Tuesday, July 20, 2010

Writing large excel files (Excel 2007)

I recently was working on an assignment of exporting data from database to excel-2007. This made me hunt for an API that would take care of low-level excel format handling. There are probably many Java API's available but I am aware of JExcel and Apache POI. I had chosen JExcel earlier to generate and download ".xls" documents on a portal. There was no particular reason I chose JExcel over Apache POI, but I was curious about Apache POI and this was my chance.

Apache POI works very well and has a huge array of functionalities to write sophisticated xlsx documents. Apache POI permits writing xls documents as well using the HSSF Suite of packages. There is a prominent difference in the internal structure of xls(Excel-97 - 2003) documents. To demonstrate this: Create two documents and save one with ".xls" extension and the other with ".xlsx" extension. Some pre-requisite to doing this is: you must have Office 2007 to create xlsx documents and you must have some Zip/UnZip software like WinRar, Zip etc installed and working. Right Click each of the documents and try to open with Zip software you have. ".xlsx" opens up and shows directory structure of what looks like, whereas the ".xls" document refuses to open.:

Structure

/
- ..
- _rels
- .rels
- docProps
- app.xml
- core.xml
- xl
- _rels
- worksheets
- sheet1.xml
- sheet2.xml
- sharedStrings.xml
- styles.xml
- workbook.xml
- [Content_Types].xml

So much for the introduction to .xlsx document. Now getting back to the writing some code to generate excel'07 docs. Check out this link for getting started quickly: http://poi.apache.org/spreadsheet/quick-guide.html.

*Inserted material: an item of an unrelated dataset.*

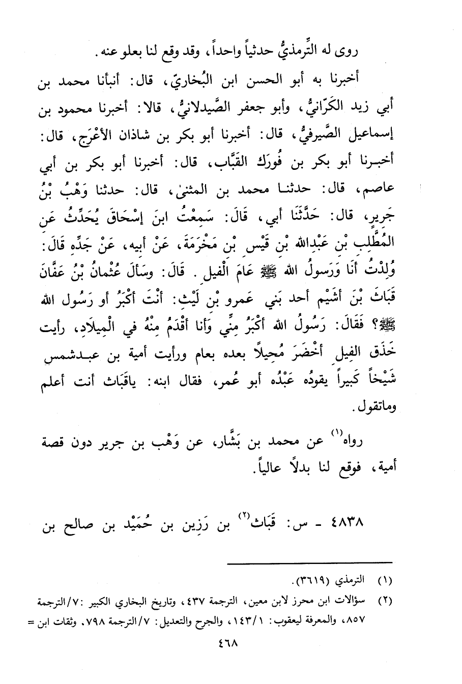أَخْبَرَنَا بِهِ أَبُو الْحَسَنِ بْنُ الْبُخَارِيِّ، قال: أَنْبَأَنَا مُحَمَّدُ بْنُ أَبي زَيْدٍ الْكَرَّانِيُّ، وأَبُو جَعْفَرٍ الصَّيْدَلانِيُّ، قَالا: أخبرنا مَحْمُودُ بْنُ إِسْمَاعِيلَ الصَّيْرَفِيُّ، قال: أخبرنا أَبُو بَكْرِ بْنُ شَاذَانَ الأَعْرَجُ، قال: أَخْبَرَنَا أبو بكر بْن فُوُرَكَ الْقَبَّابُ، قال: أَخْبَرَنَا أَبُو بَكْرِ بْنُ أَبي عَاصِمٍ، قال: حَدَّثَنَا مُحَمَّدُ بْنُ الْمُثَنَّى، قال: حَدَّثَنَا وهْبُ بْنُ جَرِيرٍ، قال: حَدَّثَنَا أبي، قال: سمعت ابن إِسْحَاق يحدث عَنِ المطلب بْن عَبد اللَّه بْن قيس بْن مخرمة، عَن أَبِيهِ، عن جده قال: ولدت أنا ورَسُول اللَّهِ صَلَّى اللَّهُ عَلَيْهِ وسَلَّمَ عَامَ الفيل. قال: وسأل عثمان بْن عفان قباث بْن أشيم أحد بني عَمْرو بْن ليث: أنت أكبر أو رَسُول اللَّهِ صَلَّى اللَّهُ عَلَيْهِ وسَلَّمَ؟ فَقَالَ: رَسُولُ الله أكبر مني وأنا أقدم منه في الميلاد، رأيت خذق الفيل أخضر محيلا بعده بعام ورأيت أمية بْن عبد شمس شيخا كبيرا يقوده عبده أَبُو عُمَر، فَقَالَ ابنه: يا قباث أنت أعلم وما تقول.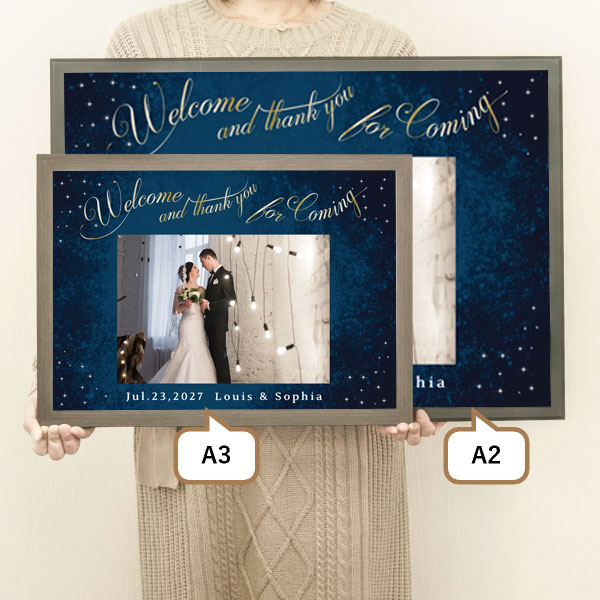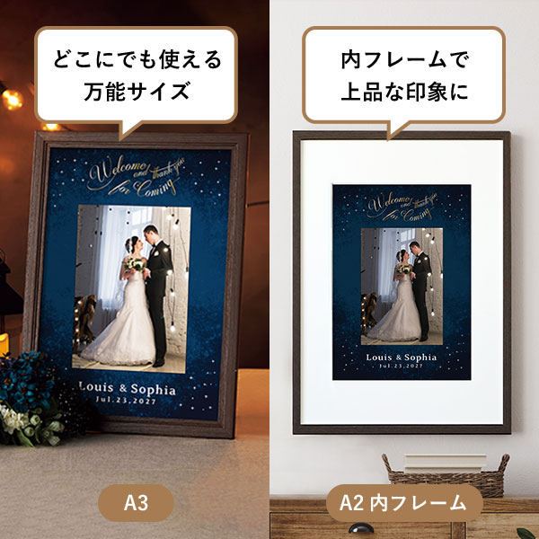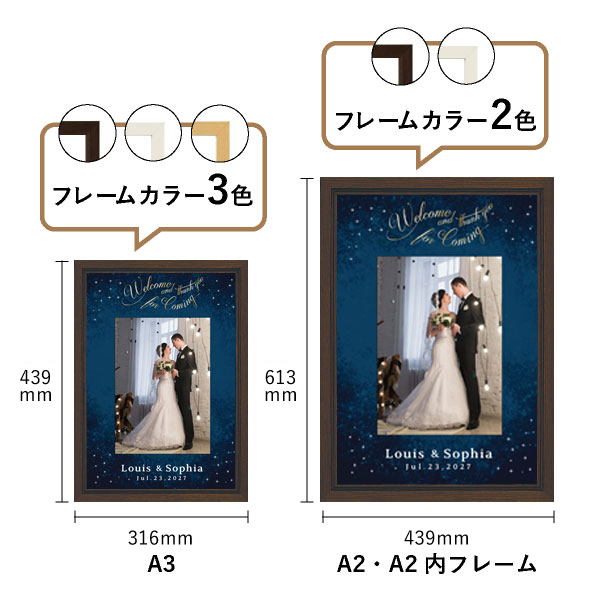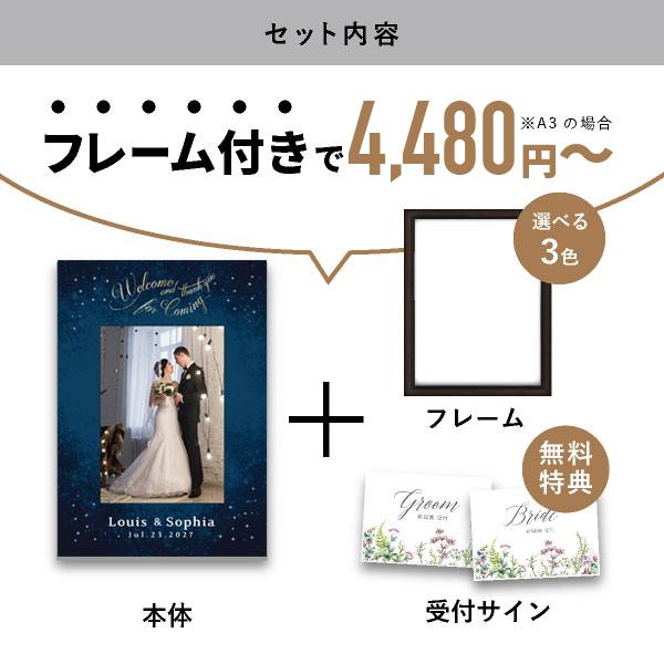 | 内容物 | ウェルカムボード×1 ■フレーム付き(A3サイズは3種類よりお選びいただけます。A2サイズは2種類よりお選びいただけます。) |

Within some time I was able to generate excel reports by spitting the data fetched from database. However, for large reports having several thousands of rows and tens of columns I started facing fatal "OutOfMemory Error". Our server hosts 8 GB RAM and I was testing this on my 2 GB laptop. Probably if I'd run the same on server it would not have thrown up. But I did not want to take chances with multiple users trying to generate reports simultaneously which could exhaust our server

I see Apache POI has API that is capable of opening streams from xlsx documents. So I tried this approach of writing a few rows...closing the stream and then reopening it and start re-writing it. I was hoping that all data would be flushed from physical memory....but it did not go as expected. Here is the output of my code:


Please wait while data is being written...
TOTAL COLS:13
Rows updated = 2000
WorkSheet name REPORT3_VIEW
Rows updated = 4000
Connection OFF
Connection Count: 0
Exception in thread "main" java.lang.OutOfMemoryError: Java heap space
at org.apache.xmlbeans.impl.store.CharUtil.allocate(CharUtil.java:397)
at org.apache.xmlbeans.impl.store.CharUtil.saveChars(CharUtil.java:441)...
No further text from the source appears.